If you’re one of the many people who’ve tuned into FX’s surprise TV hit The Bear, you may be wondering why you keep coming back. The show, which follows an NYC prestige culinary kitchen dropout who returns to run the family Chicago beef joint, drops viewers in the middle of a rough and tumble Windy City back of house joint and doesn’t let up. With frenetic editing, motormouth dialogue and Carmy’s (Jeremy Allen White) sky high standards, the show has viewers digging their nails into their knees almost instantly.
Carmy lost his brother to suicide, and is determined to honor the memory by transforming his restaurant into something special. But the staff have their own way of doing things, and this immediately sets up an ongoing explosion of conflict that sets every minor disagreement on a breakneck pace for catastrophe. Ambitious, talented new hire Sydney (Ayo Edebiri) is peddling fast, but it’s one thing to keep up with a demanding new boss. It’s a whole lot more to keep up with a roller coaster work atmosphere that expects you to keep performing with excellence even as you run headlong into one obstacle after another.
Much of this rests on the cast’s performances, and they all prove equal to the challenge. White, who you may have seen on Shameless, provides an interesting twist on the dark antihero so popular on TV over the last decade. The Bear wisely resists the temptation to make him an irresistibly appealing genius with a dark side. Carmy is more withdrawn than winsome, largely keeping his stress bottled up inside even as everyone else’s fuse is reaching the powder. It’s as much Edebiri’s show as it is his, and she is the picture of ambition; always almost out of her depth.

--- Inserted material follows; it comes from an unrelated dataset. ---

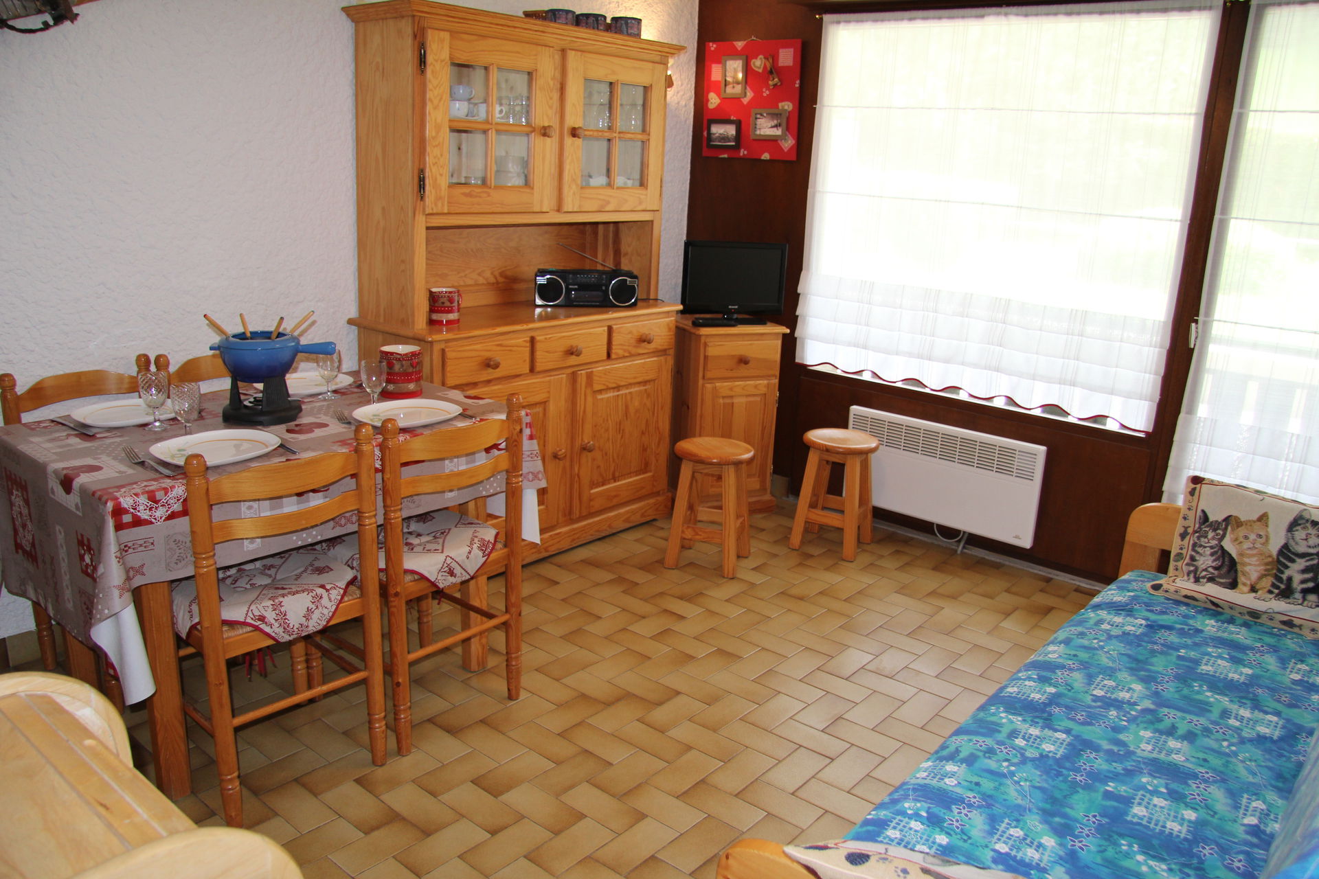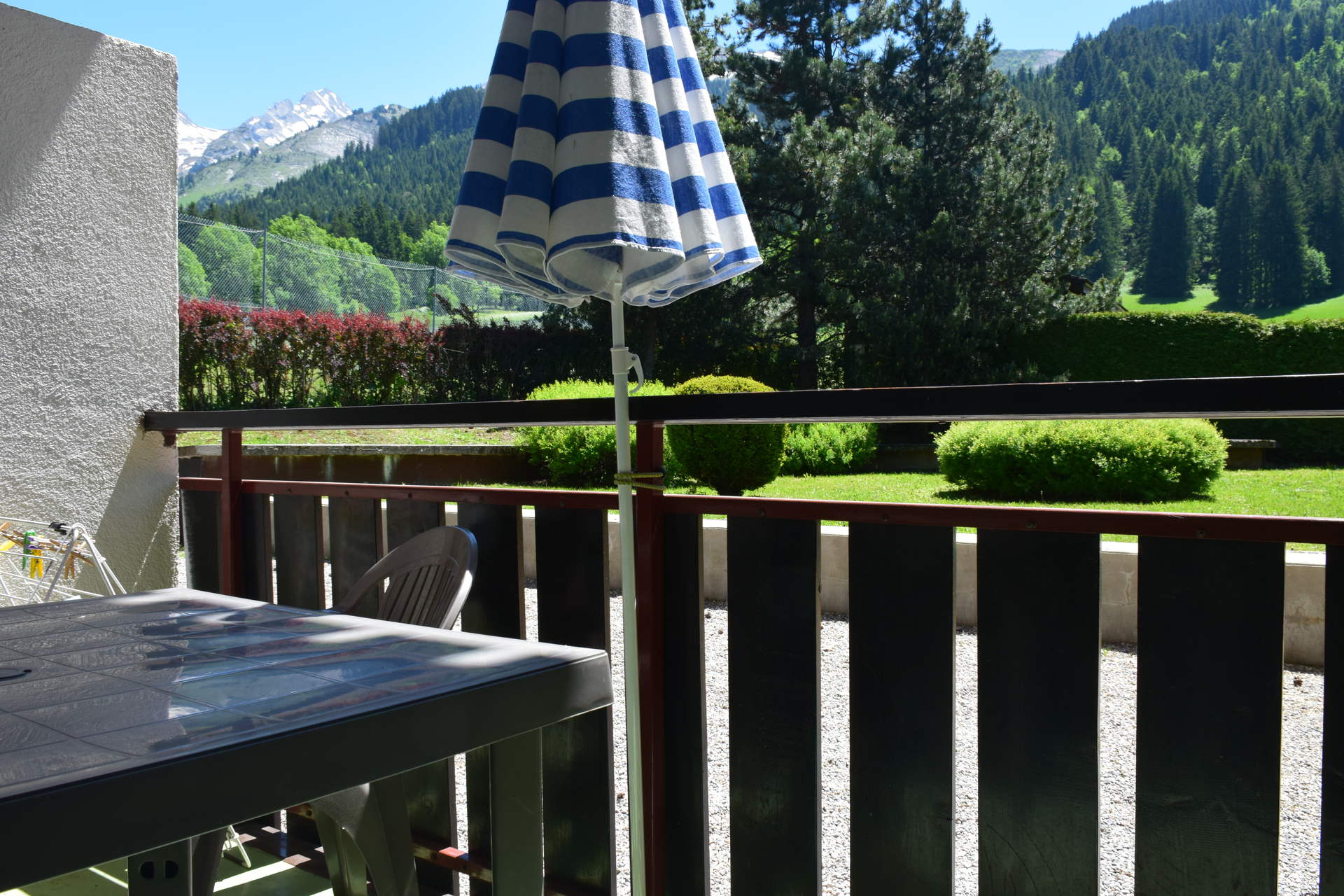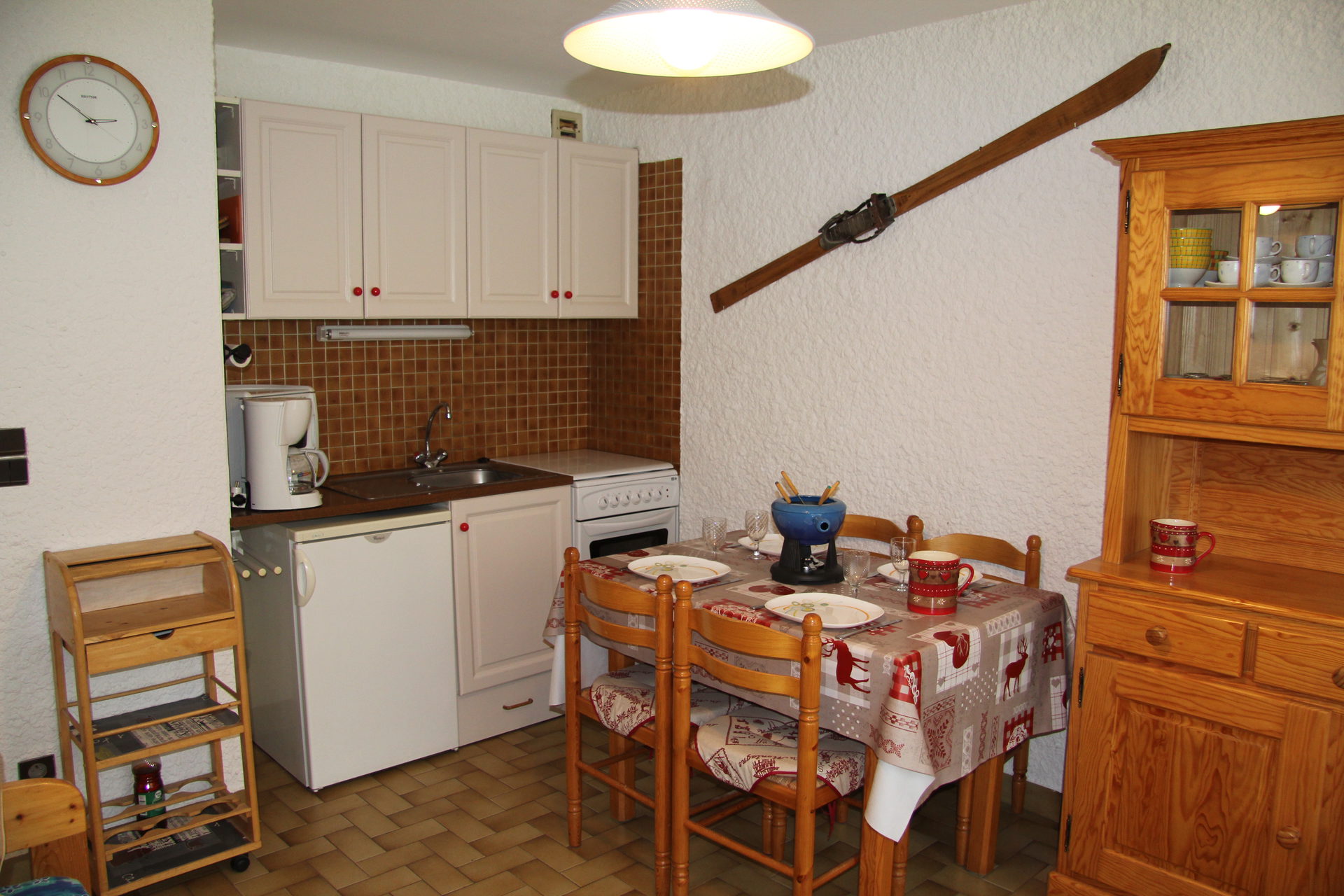 Entree / Hall : Placard-penderie - Coin nuit (5 m2) : lit double, fenetre sur coursive, penderie - Salle d'eau : Douche, lavabo et wc - Sejour (12 m2) : Coin salon : Canape, table, television, baie vitree sud acces balcon vue montagne - Coin repas : Table et chaises - Coin cuisine equipee : Cuisiniere electrique avec four, micro-ondes, refrigerateur (90L), placards

If you’ve worked in a kitchen before, this might all strike you as a little too familiar. In fact, The Bear is liable to trigger some unpleasant memories for people of pretty much any background. Carmy’s personal demons go beyond grieving his brother (played in flashbacks by the always welcome Jon Bernthal) — he recognizes the same propensity for addiction in himself, a propensity he keeps at bay with regular AA meetings at the local AME Church. He also is wrestling with the trauma of the New York restaurant he left, where his old boss (Joel McHale) subjected him to a daily torrent of verbal abuse. And then there’s the money problems, including $30,000 of debt Carmy inherited from his late brother.
It is a lot to take in, but The Bear is smart enough to let up just after viewers may have reached their breaking point, mercifully inserting moments of warmth, grace and triumph. Kind-hearted baker Marcus (Lionel Boyce) is inspired by the new standards to push himself creatively, while Sydney finds the inner strength to assert herself. Even the foul-mouthed, defiantly obnoxious Richie (Ebon Moss-Bachrach) is unmasked as a big-hearted family man.
And family really is the name of the game in The Bear. The show understands the bonds that stress can manufacture; the intoxicating nature of unhealthy work environments among beleaguered employees who can’t turn to anyone but each other. The “family meal” they all share before opening the doors every day provides some of the series’ most gracious moments. It’s these bits of reprieve, like the lulls in a rollercoaster ride, that keep you coming back.
One thing workplace comedies and dramas usually understand is how jobs bring people together who wouldn’t otherwise be friends. It’s hard to imagine Jim and Dwight ever interacting if they hadn’t met at Dunder-Mifflin. It’s unlikely that Janine would ever interact with Ava if not for Abbott Elementary. But it’s not just proximity that brings these people together. It’s either the shared sense of purpose (in Abbott Elementary) or, as often as not, a common enemy (in The Office) that draws these strange characters to opening up with each other, sharing their lives and sometimes even falling in love. (Another show that explored this idea from a very different angle this year: Apple TV Plus’ Severance).
In The Bear, the staff truly does want to create a special dining experience for their guests. They disagree — violently, sometimes – about the right way to do it. But they can never fully hate each other because, for better or worse, they’ve been drawn together by the work. They feel a sense of loyalty to each other. The Bear knows that this isn’t always healthy — how many of us have stayed in a bad job out of some misbegotten sense of loyalty? — but it does happen.
It was hard for this viewer to not think of churches. How many pastors have been in Carmy’s shoes — excited to start a new kind of church only to be instantly frustrated by expectations, tradition and the simple realities of budgets? They start hedging their dreams and compromising where they can. They may end up with a very different church than they’d hoped for. But if it ends up uniting the people within it, who’s to say it didn’t become the church it was supposed to be?
This isn’t to make excuses for toxicity, which this show does not do. But it does peel back the layers on the stress of our jobs, and mine the endless complexity underneath for some insights there. We may dream of beautiful jobs where we spend our days with our best friends building things we’re proud of, but the reality is rarely so simple. What we have instead are jobs — difficult, demanding jobs — and the beautiful, complicated people we do those jobs alongside. People who love and hurt and stumble and laugh just as much as we do. And any job that brings you a little closer to these people can’t be all bad.
Even if it is, sometimes, very stressful.